Growth factors, dysregulated signaling pathways, and tyrosine kinases promote further tumor cell proliferation, as well as inhibition of senescence and apoptosis. Key signaling pathways in cholangiocarcinoma involve interleukin (IL)-6, cyclooxygenase-2 (COX-2), epidermal growth factor receptor (EGFR), ErbB2 (also known as human epidermal growth factor receptor 2 [HER 2]), hepatocyte growth factor (HGF), and vascular endothelial cell growth factor receptor (VEGFR). The IL-6 signaling axis in particular has been shown to be critical to the pathogenesis of cholangiocarcinoma.16,17 Increased IL-6 signaling is sustained in cholangiocarcinoma cells by the following mechanisms: (1) autocrine secretion of high levels of IL-6; (2) COX-2-mediated up-regulation of the IL-6 receptor subunit gp130; and (3) inactivation of the negative feedback loop through epigenetic silencing of suppressor of cytokine signaling 3 (SOCS3). Increased IL-6 signaling constitutively activates the PI3K pathway, Janus Kinase (JAK) signal transducers and activators of transcription (STAT) pathway, and p38- and p42/44-mitogen-activated protein kinase (MAPK) pathways, which in turn mediate cell survival, cell proliferation, and evasion of cell senescence. The EGFR pathway is also constitutively activated, resulting in further activation of p38- and p42/44-MAPK.18 The EGFR homolog ErbB2 is overexpressed in many cholangiocarcinomas, resulting in downstream induction of Raf/MAPK pathways. In addition to its oncogenic effects, MAPK induces overexpression of COX-2, which is further stimulated by increased concentrations of bile acids, oxysterols, and iNOS.19,20 COX-2 also mediates cell survival and proliferation. Sustained cell proliferation is further mediated by increased HGF secretion and overexpression of its receptor, c-Met.21 The multiple pathways form a complex interacting network.

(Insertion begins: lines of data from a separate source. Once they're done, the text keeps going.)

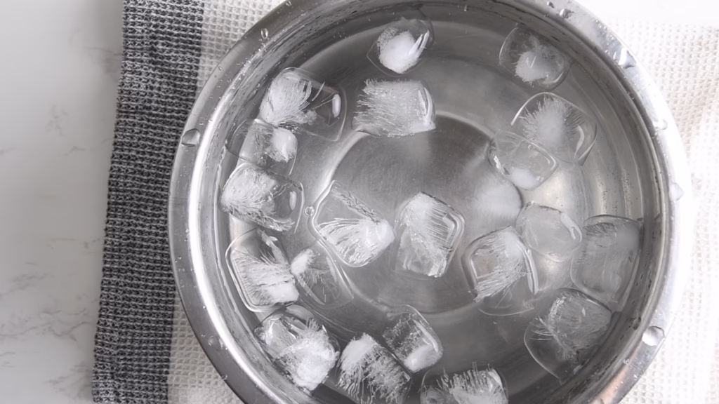 Get your mixing bowl ready and (if you are in a hurry) another, slightly bigger bowl that will fit your mixing bowl so it just touches the water, with cold water and ice.
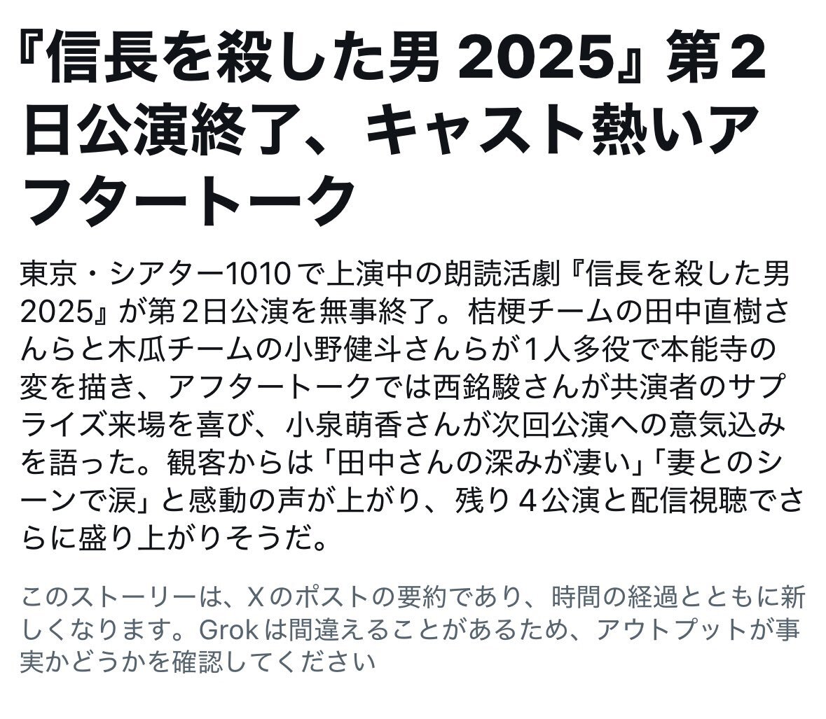 アフタートークが聞きたくて仕事終わりに観に行きました(当日券)田中さんが感想を呟いてくださいねって仰ったので→田中さんの明智光秀は信念があって優しくて愛が溢れてて凛としてました😊全公演後に感想とトークのメモを投稿します #信長を殺した男2025 #田中直樹(#ココリコ) pic.x.com/e96FkqRjgx x.com/Radio_usagimim…
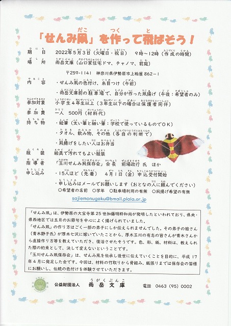 雨岳ガイドの会では4/16(土)に文化財ウォーク「開村400年の伊勢原」を行います。何かと謎の多いい伊勢楢の生い立ちのミステリーに私達と共に歩き触れてみませんか?3/24にウォークの下見を行いましたので一部ですが紹介します。また大宝寺の和尚さんが発明したと言われる「せんみ凧」を作って、「飛ばそう」というイベントが5/3(火・祝日)に山口家住宅でありますので、お孫さんにも伊勢原の歴史イベントに触れていただいたら如何でしょうか!
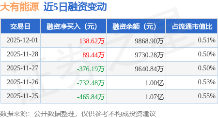 证券之星消息,12月1日,大有能源(600403)融资买入2535.65万元,融资偿还2397.03万元,融资净买入138.62万元,融资余额9868.9万元。
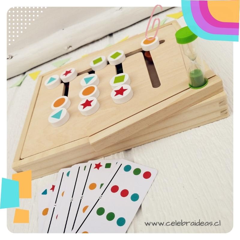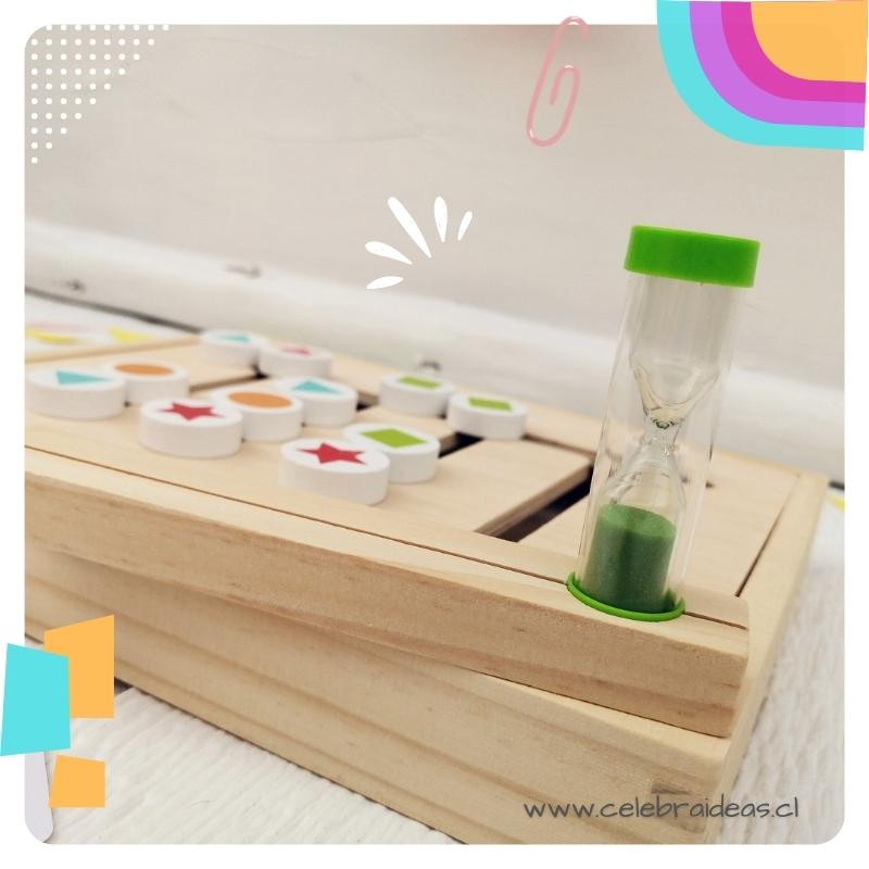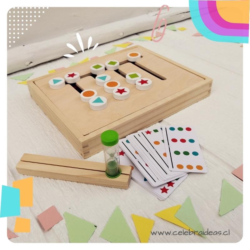 • 1 caja con tablero doble cara con fichas con figuras geométricas
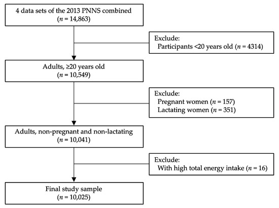 We analyzed data from the Philippine National Nutrition Survey (PNNS) carried out by the Food and Nutrition Research Institute, Department of Science and Technology (FNRI-DOST), in 2013 [28]. The PNNS used a stratified multistage sampling design [29,30]. The study samples were selected from participants aged 20 years or older with complete identification data in the four survey components, i.e., dietary, clinical, socioeconomic individual, and socioeconomic household. Pregnant women and lactating mothers were excluded. Participants with high total energy intake or those with greater than 5 SD of the mean energy intake were further excluded, as applied in past studies [31]. A total of 10,025 adults were eligible for the analysis (Figure 1).

The diagnosis of cholangiocarcinoma is challenging because of the paucicellular character of the malignancy and requires a multidisciplinary approach that includes clinical evaluation and laboratory, endoscopic, and radiologic studies (Fig. 69-2 and Table 69-3). Intrahepatic cholangiocarcinoma manifests predominantly with abdominal pain and systemic symptoms such as cachexia, malaise, and fatigue. Extrahepatic cholangiocarcinoma manifests in most cases with painless jaundice secondary to malignant biliary obstruction. In 10% of patients, bacterial cholangitis is the initial presenting symptom. An “atrophy-hypertrophy” complex can be documented by physical examination as palpable hypertrophy of the contralateral, unaffected lobe of the liver, with atrophy of the affected lobe as a result of vascular encasement and bile ductal obstruction.

Table 69-4 Sloan-Kettering Cancer Staging System for Cholangiocarcinoma


T2 T3

Laboratory analysis may reveal evidence of obstructive cholestasis (e.g., elevation of serum alkaline phosphatase and bilirubin levels). Serum levels of several serum tumor markers (CA 19-9, carcinoembryonic antigen [CEA], and Ca-125) may be elevated in patients with cholangiocarcinoma; however, none of these serum markers is specific, and they each can be elevated in other gastroenterologic or gynecologic malignancies and in the setting of biliary inflammation or infection.22 The most commonly used marker is CA 19-9. In patients with PSC, the sensitivity and specificity of CA 19-9 for the diagnosis of cholangiocarcinoma is 79% and 98%, respectively, when the cutoff value is 129 U/mL. In patients without PSC, the sensitivity is 53% with a cutoff value of 100 U/mL.23,24 Importantly, patients with a negative Lewis antigen status do not express CA 19-9, and significant CA 19-9 elevations can occasionally be observed in patients with bacterial cholangitis and choledocholithiasis.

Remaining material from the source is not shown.